Bombardment of Salé (1628)
| Date | May 1628 |
| Location | Salé, Republic of Salé (present-day Morocco)34°02′43″N 6°49′04″W﻿ / ﻿34.04528°N 6.81778°W |
| Result | Salean victory |

Belligerents
- Spanish Empire: Republic of Salé

Commanders and leaders
- Tomás de Larraspuru y Churruca [es]: Light

Strength
- 35 ships: Unknown

Casualties and losses
- 5 killed: Unknown

= Bombardment of Salé (1628) =

Spanish attack to Salé in 1628

The bombardment of Salé in May 1628 was carried out by Spanish troops commanded by Tomás de Larraspuru y Churruca against the Moroccan city of Salé, which at that time was a city-state republic ruled by Barbary corsairs.

==Background==
Following the death of Ahmad al-Mansur in 1603, a war of succession broke out in Morocco, prompting other groups to rebel, including the Republic of Salé, a city-state ruled by Barbary corsairs.
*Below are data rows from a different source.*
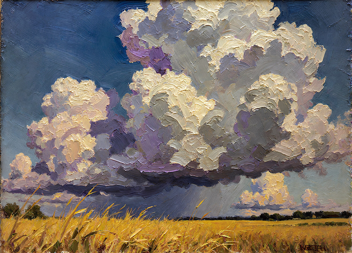 深い青空にそびえ立つ巨大な積雲が、重厚で立体的な厚塗りの筆致で描かれている。
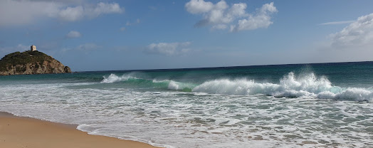 Lo spot di Chia si trova nella Sardegna sud-occidentale, nel territorio di Domus de Maria, lungo il tratto di costa compreso tra Sa Colonia, Monte Cogoni e Cala del Morto. Dal punto di vista geografico questa sezione di litorale appartiene al Sud della Sardegna, storicamente e localmente identificato come Sulcis. La costa in questo punto presenta una baia ampia e aperta, delimitata da promontori rocciosi che la separano da altri sistemi di spiagge adiacenti. L’esposizione reale dello spot è prevalentemente sud-ovest. La linea di costa guarda direttamente verso il mare aperto in direzione sud-ovest, permettendo allo swell proveniente da questo quadrante di entrare in modo diretto e pulito. Funzionano anche le mareggiate da sud, mentre lo swell da sud-est entra più filtrato e tende a perdere consistenza. Gli swell da est ed est-sud-est sono generalmente inefficaci, mentre quelli da ovest puro risultano spesso disturbati o troppo angolati. Chia è un beach break sabbioso con fondale prevalentemente uniforme, anche se in alcuni tratti possono essere presenti banchi leggermente più duri o affioramenti isolati, soprattutto verso le estremità della baia. Le onde tendono a formarsi su più picchi mobili, con aperture sia a destra che a sinistra. Le sezioni sono spesso veloci e talvolta chiudono rapidamente quando lo swell cresce troppo o il periodo è elevato. Le condizioni migliori si presentano con swell di taglia piccola o media, tra mezzo metro e un metro e mezzo, con periodo medio. Il vento gioca un ruolo fondamentale. Le condizioni ideali si hanno con vento da nord, nord-est o nord-ovest, che soffiano offshore o side-off rispetto alla spiaggia. I venti da sud e sud-ovest rendono rapidamente il mare disordinato. Il periodo migliore per surfare va dall’autunno alla primavera, quando le mareggiate da sud e sud-ovest sono più frequenti e il vento termico è meno presente. L’accesso allo spot è relativamente semplice. Si raggiunge in auto percorrendo la strada costiera che collega Domus de Maria a Chia. Sono presenti parcheggi sterrati e aree di sosta nei pressi delle spiagge principali. Dalle zone di parcheggio si accede alla spiaggia a piedi tramite brevi sentieri o passaggi diretti sulla sabbia. Le temperature dell’acqua variano sensibilmente durante l’anno. In estate il mare si mantiene intorno ai 22–25 gradi, consentendo l’uso di mute leggere o lycra, mentre in inverno la temperatura scende intorno ai 14–16 gradi, rendendo necessaria una muta 3/2 o 4/3 nei mesi più freddi. Chia è uno spot adatto a surfisti di livello principiante e intermedio, con spazio sufficiente per distribuire il crowd, soprattutto fuori dall’alta stagione.
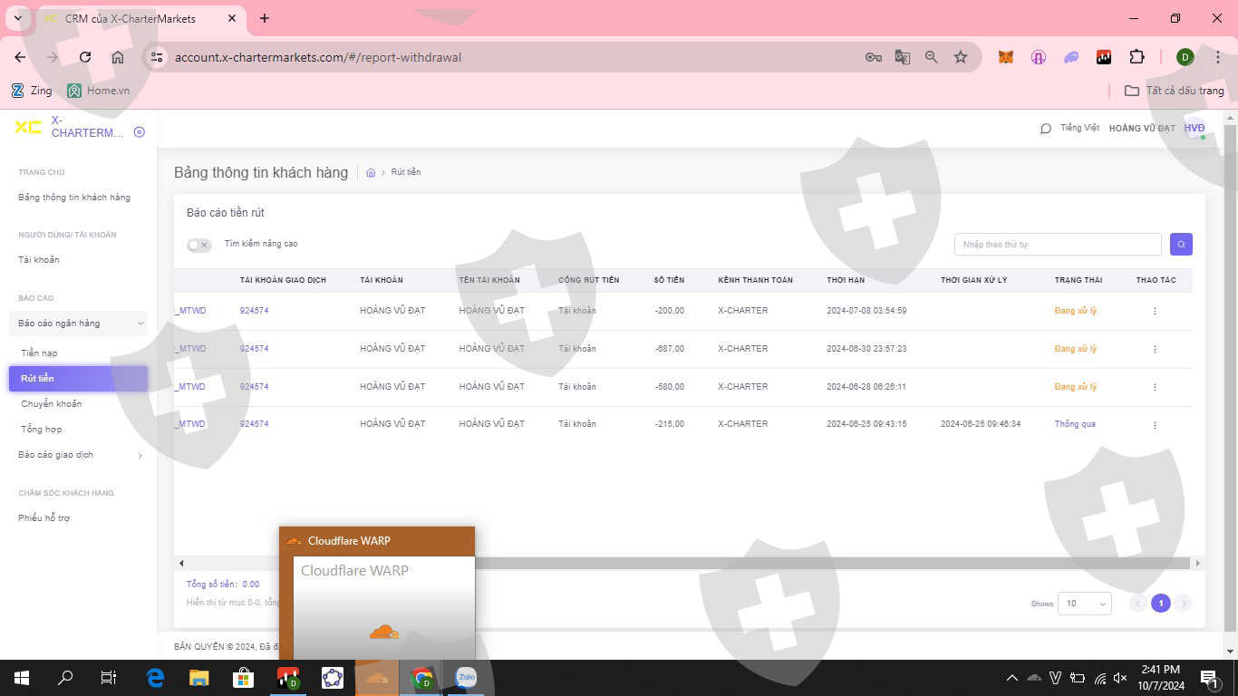 tôi tham gia sàn Xcharter. ngày 28/6/2024, ngày 30/6/2024 và ngày 8/7/2024 tôi đặt lệnh rút tiền tuy nhiên tại thời điểm hiện tại đã 13 ngày kể từ ngày tôi đặt lệnh rút tiền vẫn đang ở trạng thái đợi xử lý. Trước đó tôi đã rút tiền thành công được 1 lần. Đề nghị hỗ trợ cho tôi để tôi có thể rút tiền thành công. tôi xin chân thành cảm ơn
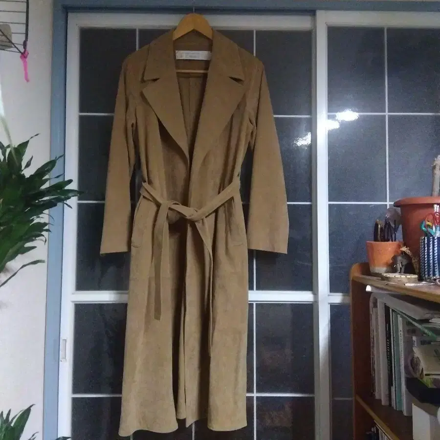 GREED INTERNATIONAL 베이지 스웨이드 롱 코트
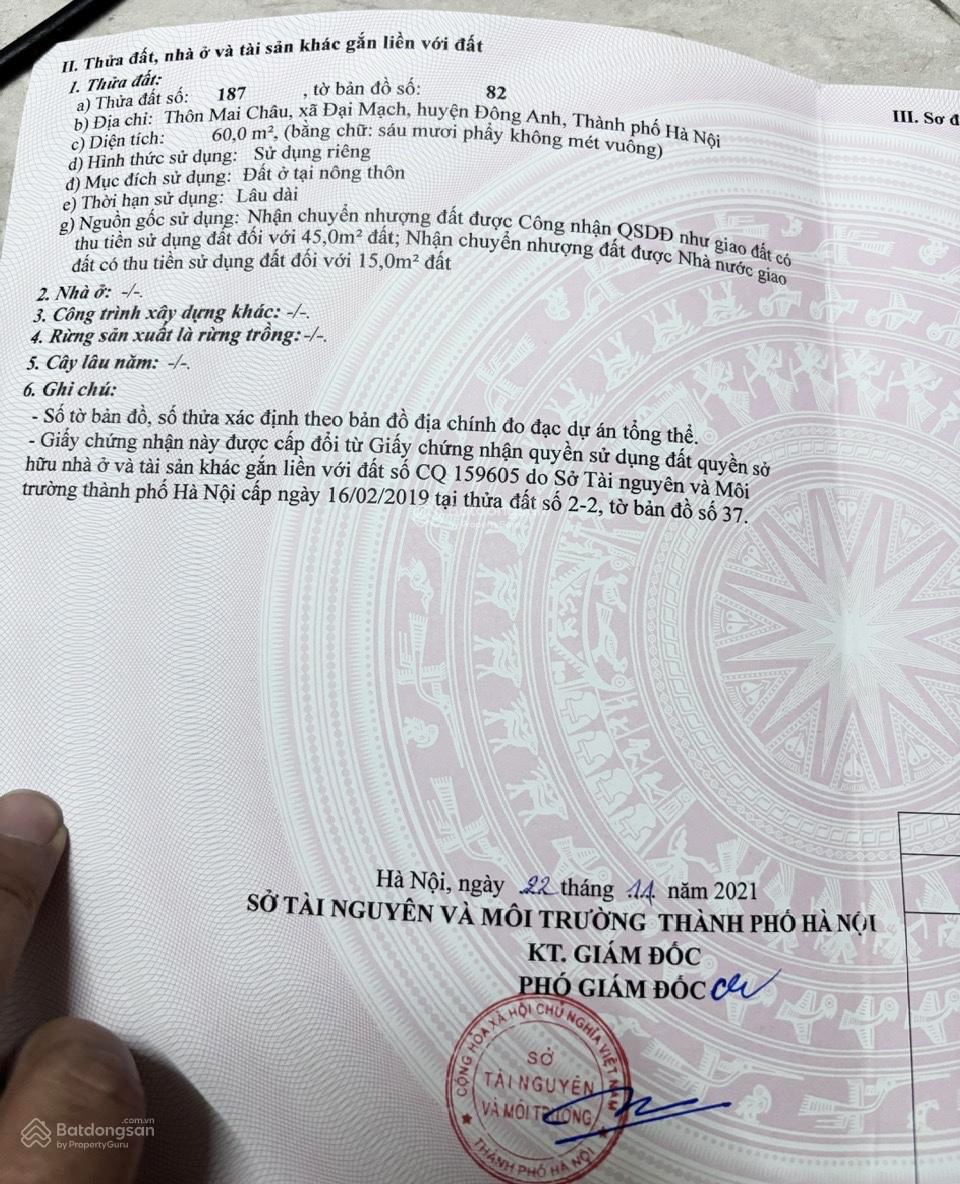 CHÍNH CHỦ BÁN GẤP ĐẤT THỔ CƯ SẴN SỔ TẠI ĐẠI MẠCH-ĐÔNG ANH
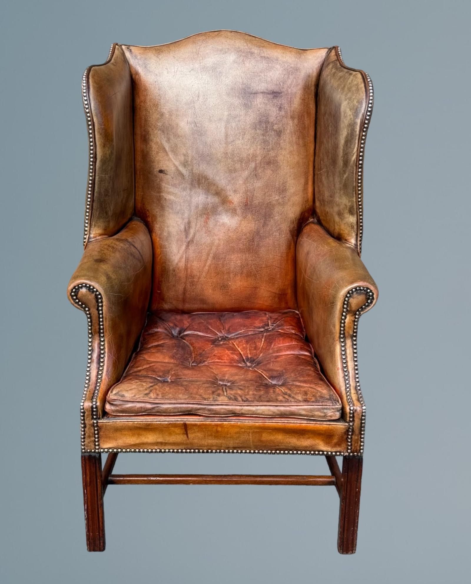 Georgian Inspired Mahogany & Leather Upholstered Wing Chair
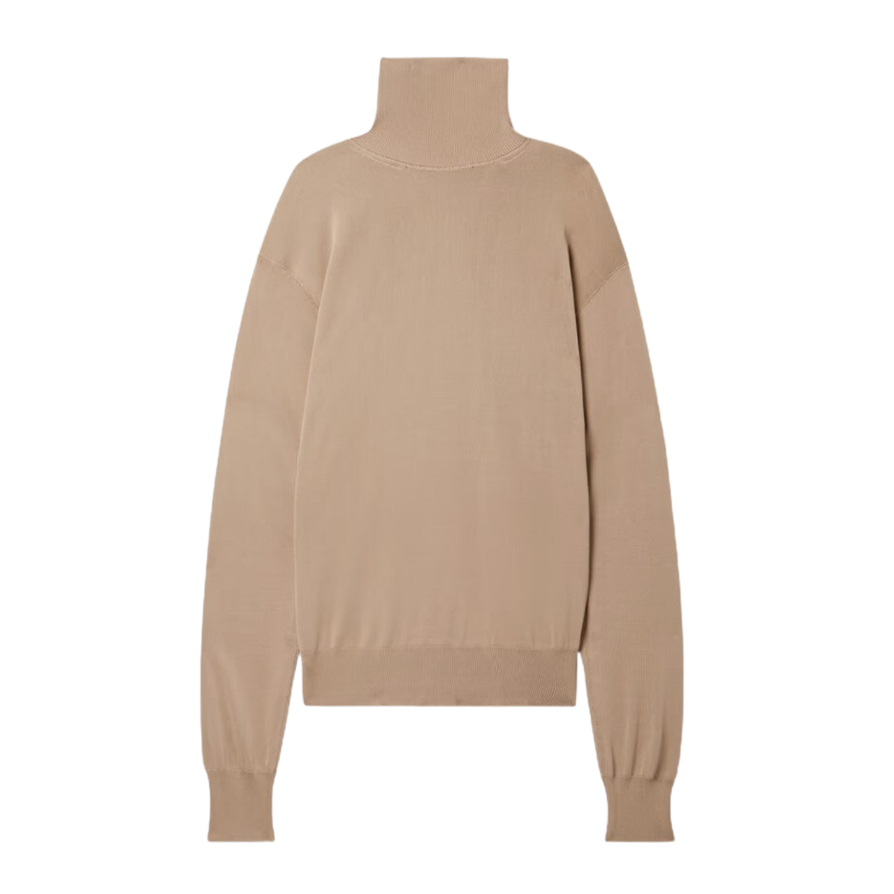 A paper-thin turtleneck is an age-old hack when it comes to dressing for fall when temperatures are still warm, particularly when worn with a pair of lightweight white denim. (Tibi’s jeans are just the trick.) Finish the ‘fit with a summer essential, a basket bag, and a pair of kitten-heel mules for a touch of fall—et voilà, a look that says summer and autumn all at once.
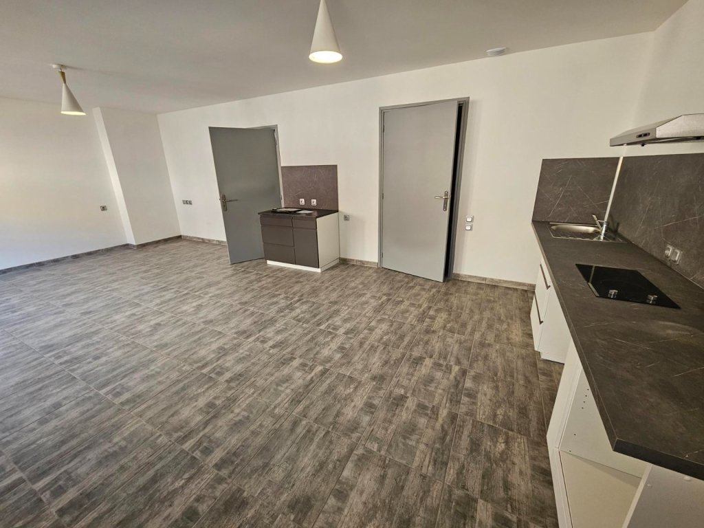 PROCHE PLACE SCHNEIDER, UN T2 REFAIT A NEUF DE 59 M² AU REZ DE CHAUSSEE COMPRENANT UNE CUISINE EQUIPEE (meuble de rangement, hotte et plaques de cuisson) OUVERTE SUR GRAND SEJOUR. UNE CHAMBRE, UNE SALLE DE BAINS AVEC DOUCHE ITALIENNE, WC SEPARE.

Among the main targets of the corsairs of Salé was Spain, which held several cities on the Moroccan coast. During the 1620s, they besieged La Mamora several times, being expelled each time. In 1628, they attempted another siege but were driven back by a Spanish fleet of 35 ships commanded by Tomás de Larraspuru y Churruca, causing many casualties among the corsairs.

==Bombardment==
A few days after the siege, Tomás de Larraspuru went to Salé with his fleet with the aim of bombing the city. The bombing lasted for several days and was a success, costing few casualties to the Spanish and achieving its objective of restoring normality to the presidios.

==Aftermath==
Relations between Salé and Spain improved after the conflict, there were even attempts to peacefully incorporate the city into Spain. However, this never happened, mainly because internal conflicts in Morocco resumed in 1636. La Mamora was besieged by Morocco several times until it finally fell in 1681.

Other Spanish cities on the Moroccan coast would fall, such as Larache in 1689 or Asilah in 1691. However, other cities would resist these sieges, such as Ceuta, Melilla and Peñón de Vélez de la Gomera, which today remain Spanish enclaves.